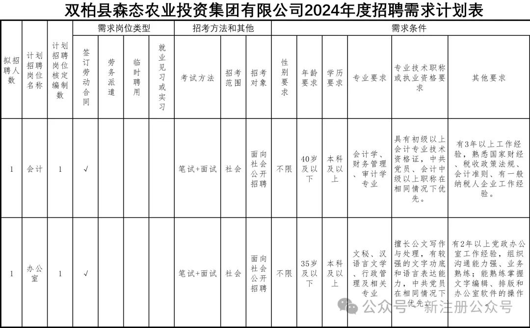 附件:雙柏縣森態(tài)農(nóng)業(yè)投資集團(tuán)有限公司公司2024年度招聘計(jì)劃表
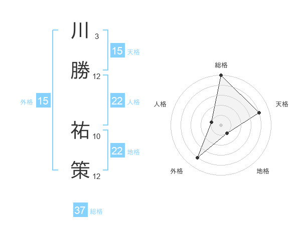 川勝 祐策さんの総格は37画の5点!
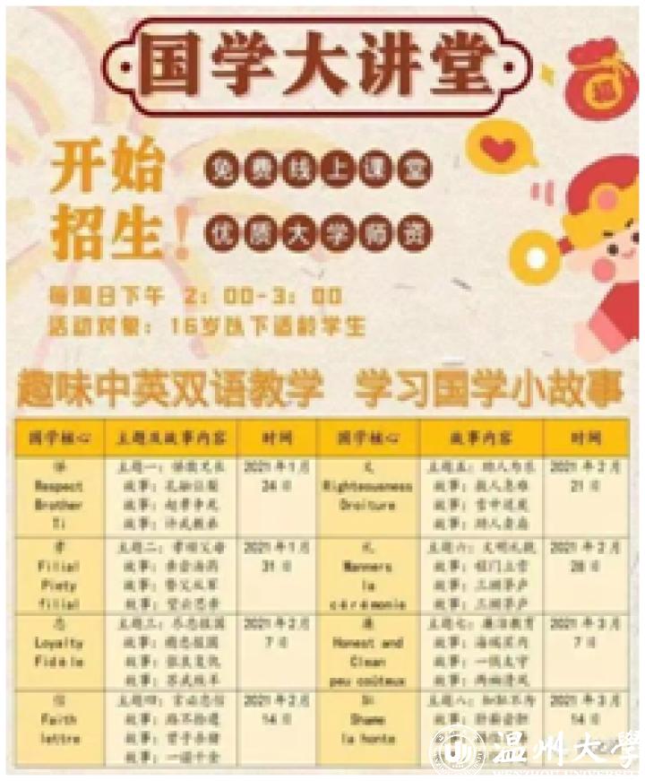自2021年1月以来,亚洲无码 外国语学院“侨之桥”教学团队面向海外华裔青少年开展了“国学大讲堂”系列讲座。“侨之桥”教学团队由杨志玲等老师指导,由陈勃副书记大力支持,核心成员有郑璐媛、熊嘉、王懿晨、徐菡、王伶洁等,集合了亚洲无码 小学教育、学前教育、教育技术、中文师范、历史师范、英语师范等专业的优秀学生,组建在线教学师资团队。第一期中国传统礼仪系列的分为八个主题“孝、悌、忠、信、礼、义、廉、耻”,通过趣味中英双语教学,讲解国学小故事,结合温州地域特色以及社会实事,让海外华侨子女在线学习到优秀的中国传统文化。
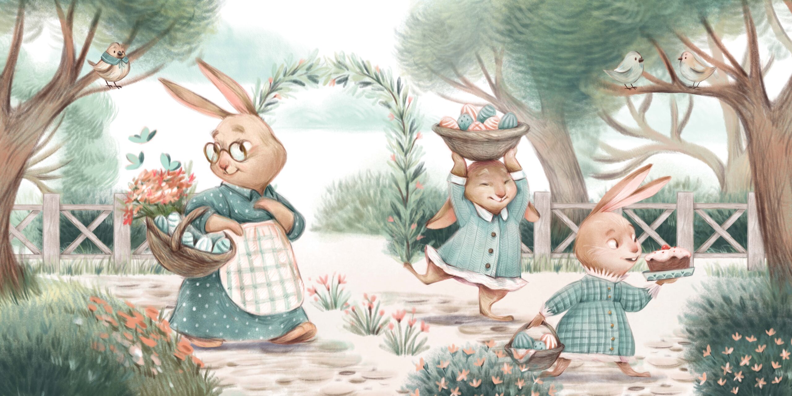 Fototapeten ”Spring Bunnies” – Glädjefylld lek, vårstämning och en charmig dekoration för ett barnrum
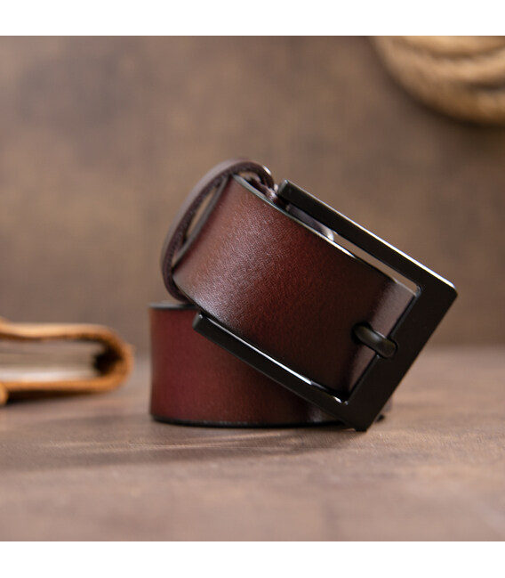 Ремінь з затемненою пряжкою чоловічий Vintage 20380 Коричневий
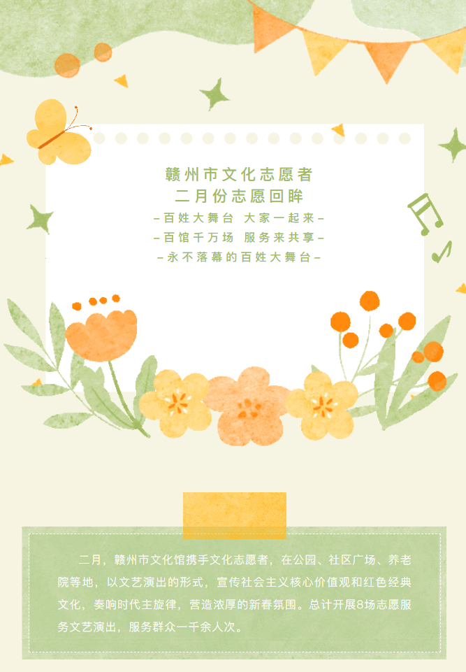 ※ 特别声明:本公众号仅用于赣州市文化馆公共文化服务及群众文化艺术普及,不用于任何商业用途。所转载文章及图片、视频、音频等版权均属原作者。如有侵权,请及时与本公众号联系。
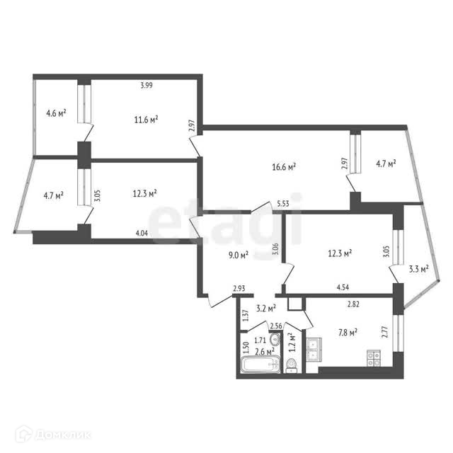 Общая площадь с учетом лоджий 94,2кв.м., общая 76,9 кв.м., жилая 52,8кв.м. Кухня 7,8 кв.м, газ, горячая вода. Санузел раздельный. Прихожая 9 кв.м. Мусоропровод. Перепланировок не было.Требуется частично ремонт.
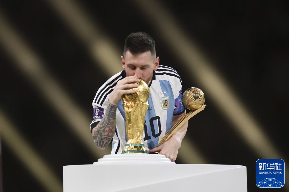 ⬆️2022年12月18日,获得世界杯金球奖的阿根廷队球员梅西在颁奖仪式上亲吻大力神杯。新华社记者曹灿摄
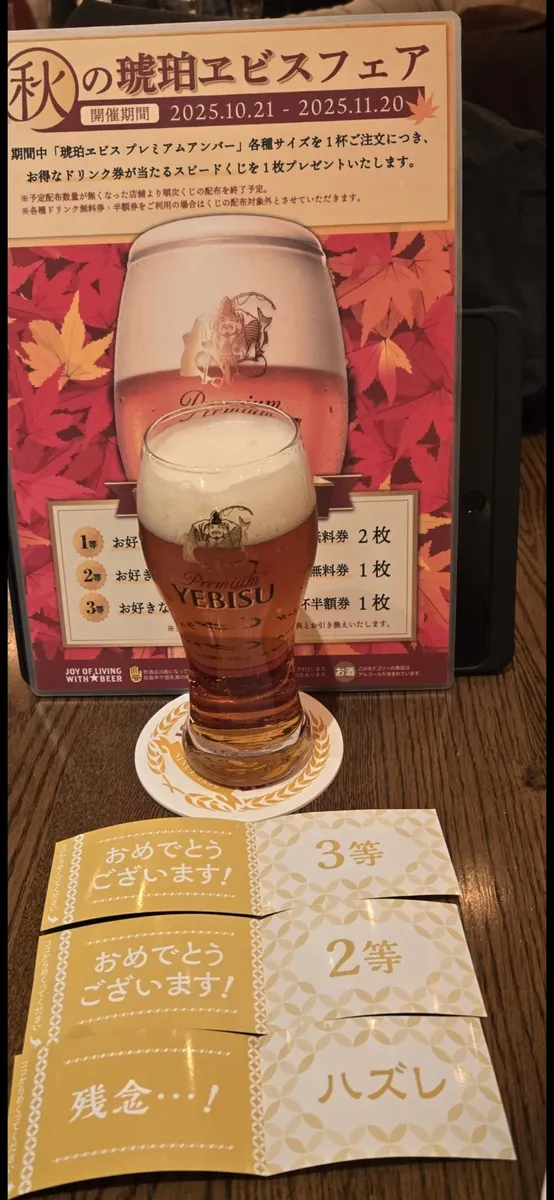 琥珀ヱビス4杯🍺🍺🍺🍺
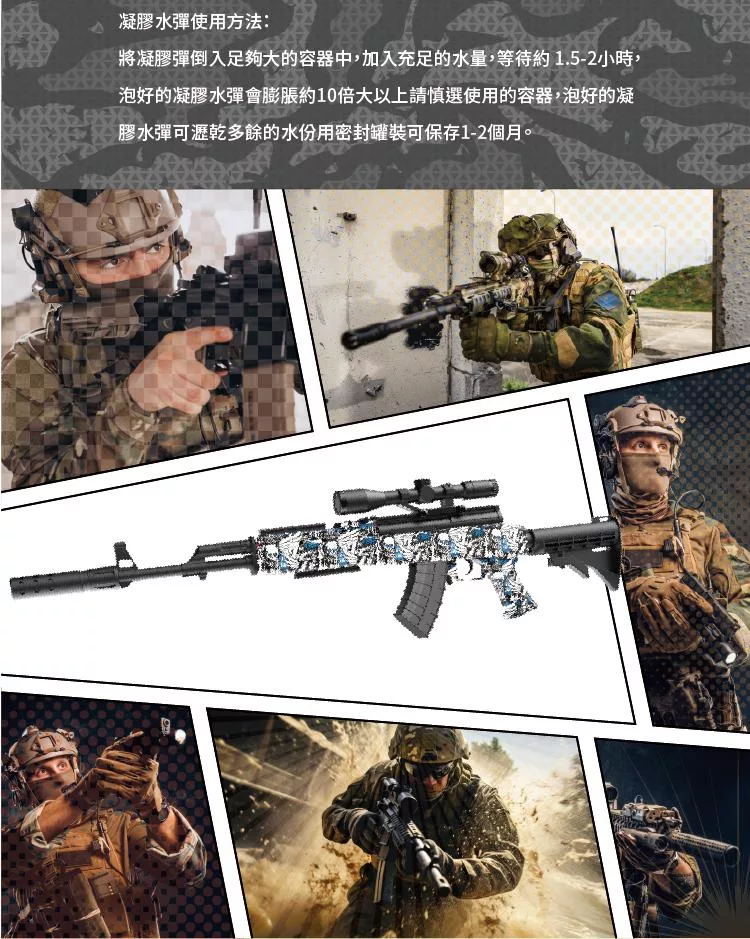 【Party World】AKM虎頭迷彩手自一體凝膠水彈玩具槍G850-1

-.-.-

**Task instructions**. Exact wording is required throughout: write out all the records, but no pictures.

**Worked solution**.
 附件:雙柏縣森態(tài)農(nóng)業(yè)投資集團(tuán)有限公司公司2024年度招聘計(jì)劃表
 川勝 祐策さんの総格は37画の5点!
自2021年1月以来,亚洲无码 外国语学院“侨之桥”教学团队面向海外华裔青少年开展了“国学大讲堂”系列讲座。“侨之桥”教学团队由杨志玲等老师指导,由陈勃副书记大力支持,核心成员有郑璐媛、熊嘉、王懿晨、徐菡、王伶洁等,集合了亚洲无码 小学教育、学前教育、教育技术、中文师范、历史师范、英语师范等专业的优秀学生,组建在线教学师资团队。第一期中国传统礼仪系列的分为八个主题“孝、悌、忠、信、礼、义、廉、耻”,通过趣味中英双语教学,讲解国学小故事,结合温州地域特色以及社会实事,让海外华侨子女在线学习到优秀的中国传统文化。
 Fototapeten ”Spring Bunnies” – Glädjefylld lek, vårstämning och en charmig dekoration för ett barnrum
 Ремінь з затемненою пряжкою чоловічий Vintage 20380 Коричневий
 ※ 特别声明:本公众号仅用于赣州市文化馆公共文化服务及群众文化艺术普及,不用于任何商业用途。所转载文章及图片、视频、音频等版权均属原作者。如有侵权,请及时与本公众号联系。
 Общая площадь с учетом лоджий 94,2кв.м., общая 76,9 кв.м., жилая 52,8кв.м. Кухня 7,8 кв.м, газ, горячая вода. Санузел раздельный. Прихожая 9 кв.м. Мусоропровод. Перепланировок не было.Требуется частично ремонт.
 ⬆️2022年12月18日,获得世界杯金球奖的阿根廷队球员梅西在颁奖仪式上亲吻大力神杯。新华社记者曹灿摄
 琥珀ヱビス4杯🍺🍺🍺🍺
 【Party World】AKM虎頭迷彩手自一體凝膠水彈玩具槍G850-1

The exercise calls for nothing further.